Write out nothing but the lines from the first line of the entries below through the line with "Sudionici svih uzrasta"; no pictures go in.

Data in this exercise:
-- Opening Marker --

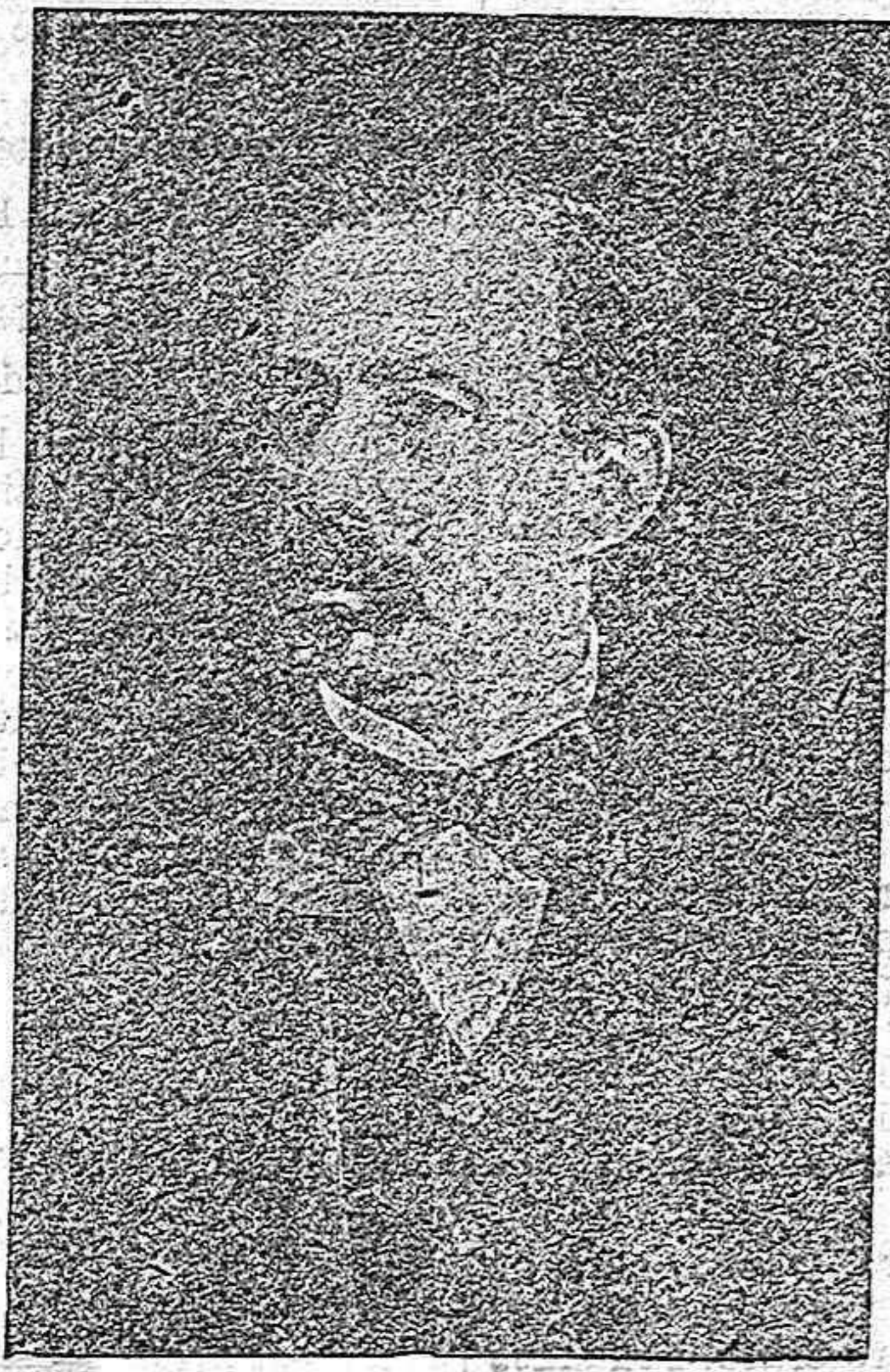
D. Manuel Ruiz Zorrilla

De que nuestras ideas van infiltrándose en el pueblo nos lo demuestran las simpatías que vamos adquiriendo y la proyección que nos dispensan cuantos desean con nosotros ver implantado el reinado de la Libertad y de la Justicia para paz y prosperidad del pueblo todo.
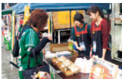
サンドイッチ「ガンズくん」とロアックくん」を販売

10月7日、松本山雅FCのアルウィンでのホーム戦で、学生が提案した「スタめし」が販売されました。8期目となる今年は健康栄養学科1,2年生10人が取り組み、5品が商品化されました。
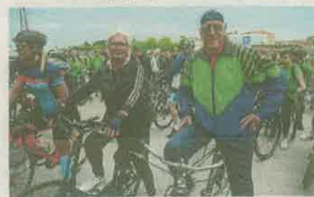
Sudionici svih uzrasta prikupili se biciklijadi

Sudionici bicikljade smatraju da se pitanje biciklističkih staza u Zadarskoj županiji
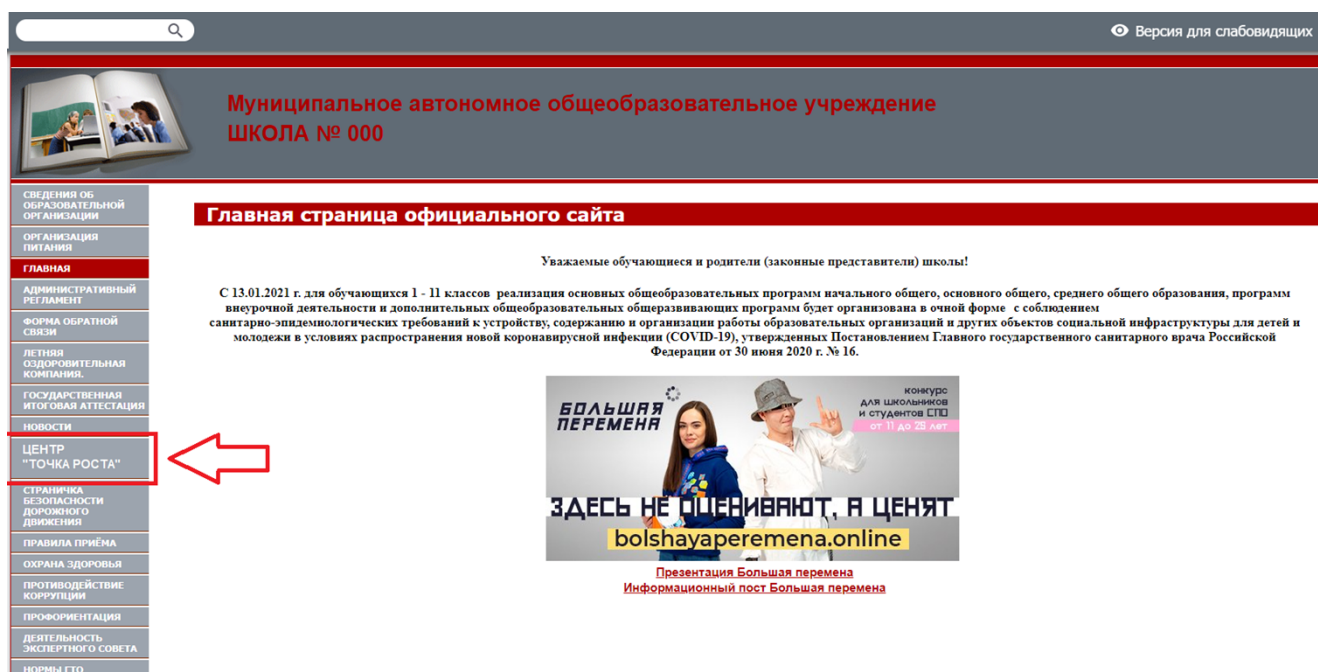
Рисунок 2. Пример размещения ссылки на раздел на сайте общеобразовательной организации

На официальном сайте общеобразовательной организации, в которой создается центр образования естественно-научной и технологической направленностей «Точка роста» (далее – центр «Точка роста», центр) в рамках федерального проекта «Современная школа» национального проекта «Образование», не позднее даты начала функционирования центра (не позднее 1 сентября года создания центра) создается раздел «Центр «Точка роста». Ссылка на раздел размещается в главном меню сайта общеобразовательной организации и должна быть видима при просмотре каждой страницы. Ссылка не может являться вложенной в другие меню. Пример размещения ссылки на раздел «Центр «Точка роста» в меню официального сайта общеобразовательной организации в информационно-телекоммуникационной сети «Интернет» приведен на рисунке 2.

-- Closing Marker --

Answer area:
D. Manuel Ruiz Zorrilla

De que nuestras ideas van infiltrándose en el pueblo nos lo demuestran las simpatías que vamos adquiriendo y la proyección que nos dispensan cuantos desean con nosotros ver implantado el reinado de la Libertad y de la Justicia para paz y prosperidad del pueblo todo.
サンドイッチ「ガンズくん」とロアックくん」を販売

10月7日、松本山雅FCのアルウィンでのホーム戦で、学生が提案した「スタめし」が販売されました。8期目となる今年は健康栄養学科1,2年生10人が取り組み、5品が商品化されました。
Sudionici svih uzrasta prikupili se biciklijadi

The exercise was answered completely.